Dr. Bill Morgan practices in the Chiropractic Department at the National Naval Medical Center (NNMC) in Bethesda, Maryland, where he works with injured service members returning from Iraq and Afghanistan, as well as other servicemen and women with conditions that chiropractic can help. He has served at Bethesda since 1998. As part of his official duties, he was selected to provide chiropractic care to our nation's leaders, including Congress and the Supreme Court, in government health clinics in Washington, DC.
Dr. Morgan grew up in California and enlisted in the Navy in 1975. He attended Hospital Corps School and Field Medical Service School before being stationed at the First Marine Brigade, Third Marine Division. He served as a special operations corpsman/combat swimmer, and was deployed to the Arctic, the Pacific, and in South East Asia.
From 1982-1990, Morgan served as the primary corpsman for a reserve platoon of Navy Frogmen from in Vallejo, CA. After being discharged from active duty, he completed a Bachelor of Science Degree from The University of New York (now Excelsior College) and earned his Doctor of Chiropractic degree from Palmer College of Chiropractic-West. In 1985, he served as a healthcare worker for three months in the jungles of Liberia in West Africa with the Christian relief agency, Partners International.
Dr. Morgan began practicing as a chiropractor in 1986. He was credentialed in two civilian hospitals in central California. For the five years preceding his 1998 appointment to NNMC, Bethesda, he spent two mornings each week in a rural medical clinic working with medical doctors, physician's assistants, and nurse practitioners. This rural health clinic provided care for poor and underprivileged people as well as residents of a local Indian reservation.
Dr. Morgan was the American Chiropractic Association's Chiropractor of the Year in 2003.
He has remained athletically active throughout his life, competing in triathlons, weight lifting and karate tournaments, marathons, and open water swim races. He has swum from Alcatraz Island to San Francisco five times, and has also swum the seven miles from the Golden Gate Bridge to the Oakland Bay Bridge. He has completed a technical climb of half-dome in Yosemite. He is a third-degree black belt in Kenpo Karate/Aki-Jujitsu and teaches martial arts at Chieftain Martial Arts Academy in Derwood, Maryland.
Dr. Morgan is married to fellow chiropractor, Dr. Clare Morgan, and they have four children.
Tell us about your experience in the military prior to practicing as a chiropractor in a military setting?
I joined the Navy at age 17 and became a hospital corpsman. During my time in the Navy I served as a corpsman for Marine Recon, where I was trained in special warfare techniques including combat diving, anti-terrorist tactics, parachuting, mountaineering, arctic survival, and underwater swimmer insertions from submarines. While I deployed overseas, our unit rescued a ship full of Vietnamese refugees who had been attacked by modern-day pirates and left sinking. I was able to provide humanitarian medical care to those who had been injured.

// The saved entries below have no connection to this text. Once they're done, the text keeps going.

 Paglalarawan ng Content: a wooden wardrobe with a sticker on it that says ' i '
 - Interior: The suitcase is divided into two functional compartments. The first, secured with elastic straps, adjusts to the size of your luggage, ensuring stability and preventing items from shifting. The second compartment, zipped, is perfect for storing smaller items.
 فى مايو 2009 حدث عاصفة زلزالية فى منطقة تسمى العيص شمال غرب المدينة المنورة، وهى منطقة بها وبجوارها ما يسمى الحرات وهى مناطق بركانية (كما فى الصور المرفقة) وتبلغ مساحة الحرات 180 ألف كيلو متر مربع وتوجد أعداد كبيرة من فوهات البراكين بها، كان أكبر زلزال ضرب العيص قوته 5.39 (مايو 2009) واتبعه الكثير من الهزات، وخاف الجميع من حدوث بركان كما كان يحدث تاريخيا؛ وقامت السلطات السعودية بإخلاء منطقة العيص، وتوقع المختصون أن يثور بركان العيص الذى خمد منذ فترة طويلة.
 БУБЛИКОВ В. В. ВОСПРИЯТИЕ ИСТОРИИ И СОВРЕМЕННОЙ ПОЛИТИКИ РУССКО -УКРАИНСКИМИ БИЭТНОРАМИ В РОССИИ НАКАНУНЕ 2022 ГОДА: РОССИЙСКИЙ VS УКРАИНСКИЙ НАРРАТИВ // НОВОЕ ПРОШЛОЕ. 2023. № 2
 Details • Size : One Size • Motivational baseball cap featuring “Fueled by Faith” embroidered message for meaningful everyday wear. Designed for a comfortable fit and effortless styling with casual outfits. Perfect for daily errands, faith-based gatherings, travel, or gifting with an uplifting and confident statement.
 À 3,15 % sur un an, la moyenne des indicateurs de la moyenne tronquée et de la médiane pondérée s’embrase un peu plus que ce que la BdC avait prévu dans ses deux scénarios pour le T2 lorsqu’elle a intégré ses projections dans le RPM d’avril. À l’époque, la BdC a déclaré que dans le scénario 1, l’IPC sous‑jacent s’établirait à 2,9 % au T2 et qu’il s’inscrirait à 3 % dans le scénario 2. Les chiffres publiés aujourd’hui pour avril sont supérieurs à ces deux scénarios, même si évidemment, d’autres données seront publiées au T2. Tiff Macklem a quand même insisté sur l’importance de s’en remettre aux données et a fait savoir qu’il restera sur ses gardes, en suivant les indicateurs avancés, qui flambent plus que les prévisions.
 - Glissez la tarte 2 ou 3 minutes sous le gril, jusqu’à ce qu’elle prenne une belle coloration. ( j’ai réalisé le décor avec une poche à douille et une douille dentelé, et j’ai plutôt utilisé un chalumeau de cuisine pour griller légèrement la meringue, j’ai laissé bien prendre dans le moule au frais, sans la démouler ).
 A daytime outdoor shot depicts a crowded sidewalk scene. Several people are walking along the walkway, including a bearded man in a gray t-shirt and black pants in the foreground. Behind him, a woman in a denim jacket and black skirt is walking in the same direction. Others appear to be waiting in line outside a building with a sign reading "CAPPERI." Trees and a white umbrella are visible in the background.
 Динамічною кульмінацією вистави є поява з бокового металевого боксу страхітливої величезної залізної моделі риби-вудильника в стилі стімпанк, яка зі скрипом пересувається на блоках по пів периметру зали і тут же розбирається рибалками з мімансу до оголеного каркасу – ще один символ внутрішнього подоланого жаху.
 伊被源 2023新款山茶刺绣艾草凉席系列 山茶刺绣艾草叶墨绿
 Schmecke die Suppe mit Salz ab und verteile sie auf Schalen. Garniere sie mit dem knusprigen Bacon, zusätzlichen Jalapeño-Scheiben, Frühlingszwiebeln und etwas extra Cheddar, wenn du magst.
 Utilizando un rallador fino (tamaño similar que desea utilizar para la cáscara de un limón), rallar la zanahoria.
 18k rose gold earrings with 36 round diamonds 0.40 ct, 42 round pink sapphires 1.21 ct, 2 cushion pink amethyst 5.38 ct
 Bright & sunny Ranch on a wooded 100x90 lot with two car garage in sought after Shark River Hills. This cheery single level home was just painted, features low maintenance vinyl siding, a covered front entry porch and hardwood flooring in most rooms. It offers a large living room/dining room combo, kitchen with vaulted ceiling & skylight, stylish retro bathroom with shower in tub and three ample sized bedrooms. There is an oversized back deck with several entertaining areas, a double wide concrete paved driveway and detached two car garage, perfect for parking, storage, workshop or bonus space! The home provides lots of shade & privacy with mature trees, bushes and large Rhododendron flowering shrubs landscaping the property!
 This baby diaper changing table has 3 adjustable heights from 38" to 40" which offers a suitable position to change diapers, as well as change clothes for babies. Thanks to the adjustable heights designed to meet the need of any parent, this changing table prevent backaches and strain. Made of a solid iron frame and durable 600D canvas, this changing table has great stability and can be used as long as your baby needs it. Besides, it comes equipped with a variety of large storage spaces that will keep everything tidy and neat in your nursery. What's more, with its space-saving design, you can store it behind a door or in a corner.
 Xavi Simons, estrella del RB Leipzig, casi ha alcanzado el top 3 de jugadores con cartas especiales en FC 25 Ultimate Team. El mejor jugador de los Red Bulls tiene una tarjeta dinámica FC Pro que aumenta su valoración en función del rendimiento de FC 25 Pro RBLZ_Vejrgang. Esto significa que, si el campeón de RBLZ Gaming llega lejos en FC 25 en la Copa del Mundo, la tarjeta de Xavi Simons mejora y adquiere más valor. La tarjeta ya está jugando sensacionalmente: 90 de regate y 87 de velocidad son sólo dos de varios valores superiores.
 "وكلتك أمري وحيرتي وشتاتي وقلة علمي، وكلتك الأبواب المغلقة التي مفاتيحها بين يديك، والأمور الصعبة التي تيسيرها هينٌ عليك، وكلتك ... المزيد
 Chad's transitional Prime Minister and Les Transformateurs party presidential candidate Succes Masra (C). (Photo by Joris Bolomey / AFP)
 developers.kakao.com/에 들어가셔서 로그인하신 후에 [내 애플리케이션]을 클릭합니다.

After my discharge from active duty, I served in a reserve Harbor Clearance Unit as a diver. I was briefly recalled to help salvage and raise the floating museum USS Potomac when it sank in San Francisco Bay. The USS Potomac was President Roosevelt's presidential yacht during WWII. Soon I transferred to Naval Special Warfare Unit 1 to serve as the corpsman (medic) for a platoon of frogmen. I was in this reserve unit for eight years. We primarily trained for commando-type missions: parachuting into the ocean, swimming with special SCUBA equipment that left no bubbles, performing our operation and then traveling back to sea to rendezvous with a submarine.